*** RECORDS FOR THE EXERCISE

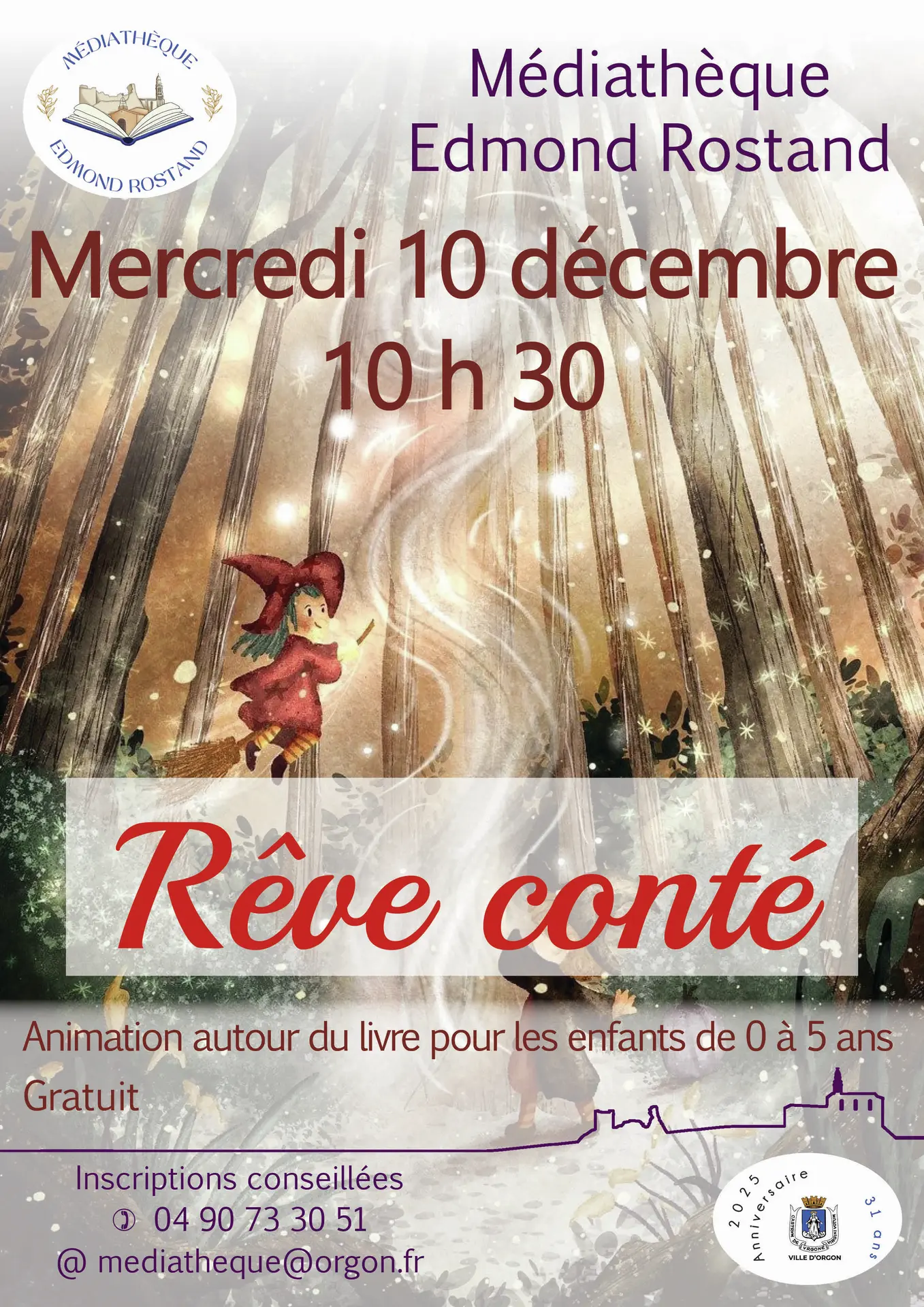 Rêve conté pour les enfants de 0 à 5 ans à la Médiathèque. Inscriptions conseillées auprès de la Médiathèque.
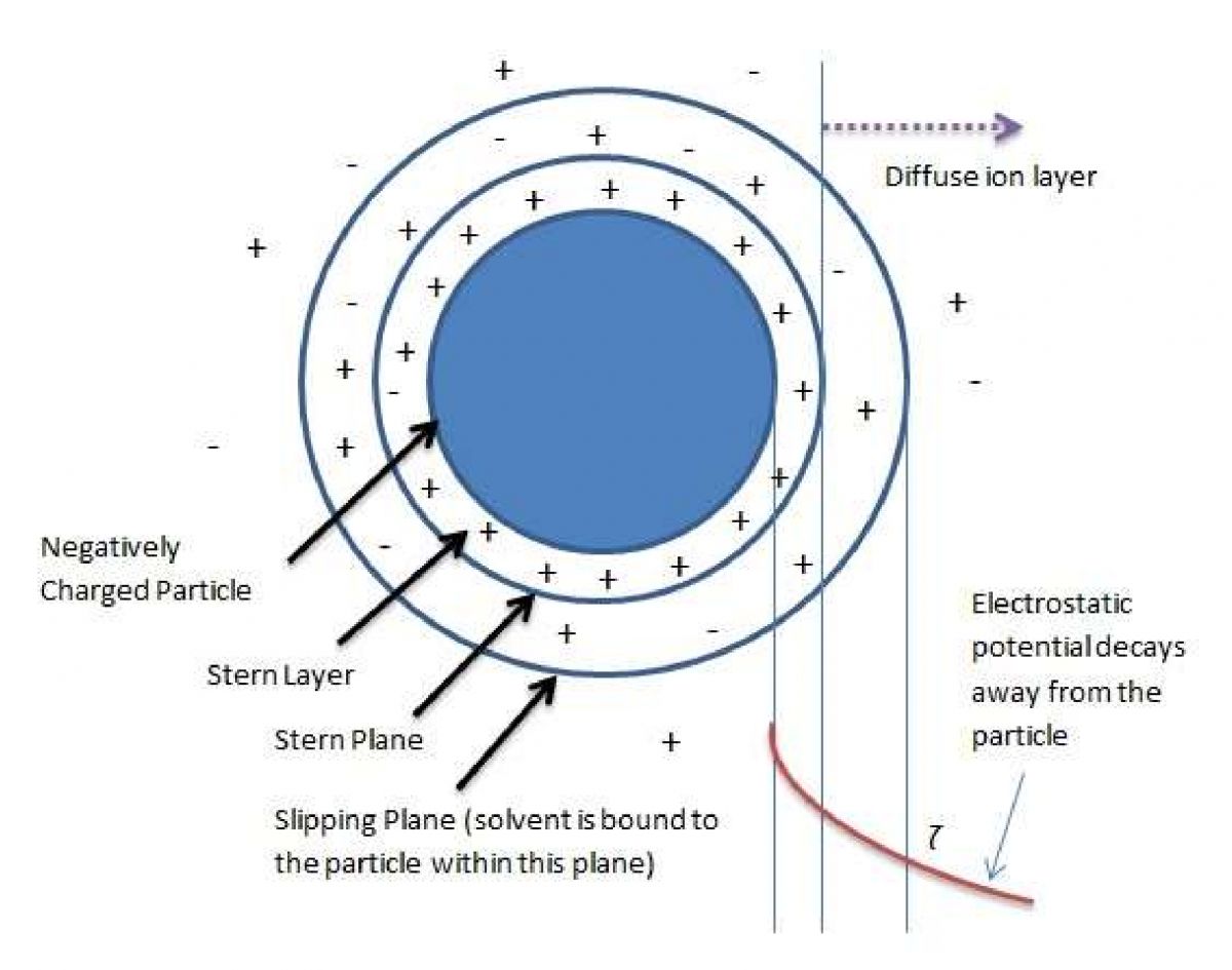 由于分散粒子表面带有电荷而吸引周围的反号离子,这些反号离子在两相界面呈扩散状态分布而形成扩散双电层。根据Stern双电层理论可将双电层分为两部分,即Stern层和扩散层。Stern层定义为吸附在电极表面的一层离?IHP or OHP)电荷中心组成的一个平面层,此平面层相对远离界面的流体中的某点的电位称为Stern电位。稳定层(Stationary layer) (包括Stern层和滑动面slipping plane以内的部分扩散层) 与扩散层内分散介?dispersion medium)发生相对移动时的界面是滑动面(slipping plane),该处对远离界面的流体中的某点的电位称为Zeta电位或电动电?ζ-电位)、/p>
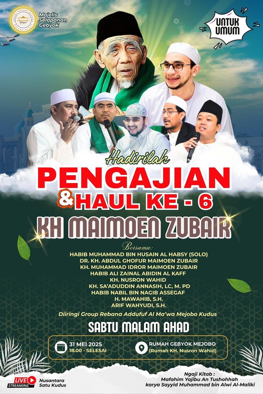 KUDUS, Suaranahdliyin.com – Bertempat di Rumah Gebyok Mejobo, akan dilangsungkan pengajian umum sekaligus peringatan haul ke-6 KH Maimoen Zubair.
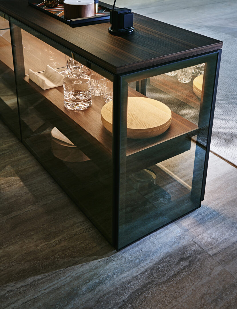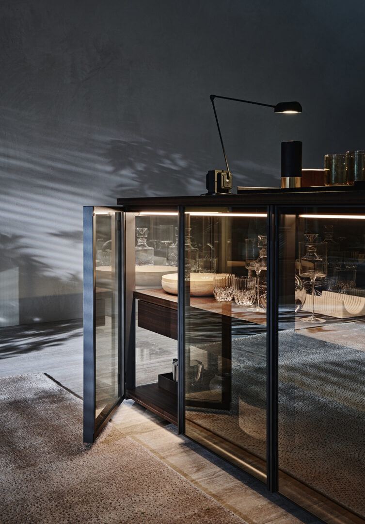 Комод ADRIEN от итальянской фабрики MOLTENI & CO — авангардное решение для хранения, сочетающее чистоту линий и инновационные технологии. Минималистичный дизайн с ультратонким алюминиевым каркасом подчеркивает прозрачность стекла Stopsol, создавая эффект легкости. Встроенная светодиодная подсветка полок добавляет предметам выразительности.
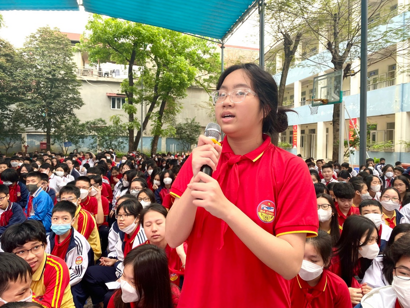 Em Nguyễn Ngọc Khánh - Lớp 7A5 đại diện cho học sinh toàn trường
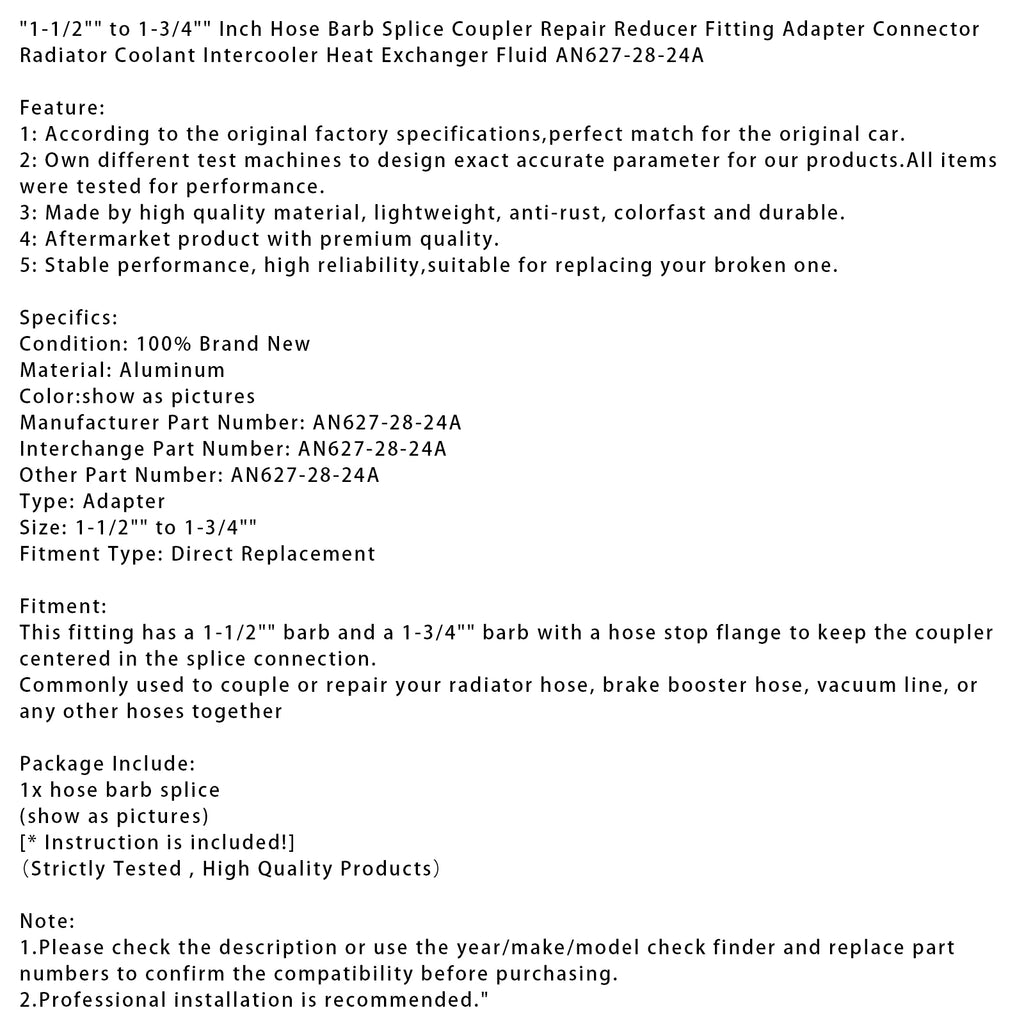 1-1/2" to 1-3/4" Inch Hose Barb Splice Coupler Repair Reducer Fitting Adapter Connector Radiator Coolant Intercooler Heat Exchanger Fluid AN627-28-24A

******

EXERCISE BRIEF
What is needed is an exact copy of only the lines above from the one with "layer) (包括Stern层和滑动面slipping plane以内的部分扩散层)" to the one with "KUDUS, Suaranahdliyin.com –", both kept, with every picture left out.

FINAL ANSWER
 由于分散粒子表面带有电荷而吸引周围的反号离子,这些反号离子在两相界面呈扩散状态分布而形成扩散双电层。根据Stern双电层理论可将双电层分为两部分,即Stern层和扩散层。Stern层定义为吸附在电极表面的一层离?IHP or OHP)电荷中心组成的一个平面层,此平面层相对远离界面的流体中的某点的电位称为Stern电位。稳定层(Stationary layer) (包括Stern层和滑动面slipping plane以内的部分扩散层) 与扩散层内分散介?dispersion medium)发生相对移动时的界面是滑动面(slipping plane),该处对远离界面的流体中的某点的电位称为Zeta电位或电动电?ζ-电位)、/p>
 KUDUS, Suaranahdliyin.com – Bertempat di Rumah Gebyok Mejobo, akan dilangsungkan pengajian umum sekaligus peringatan haul ke-6 KH Maimoen Zubair.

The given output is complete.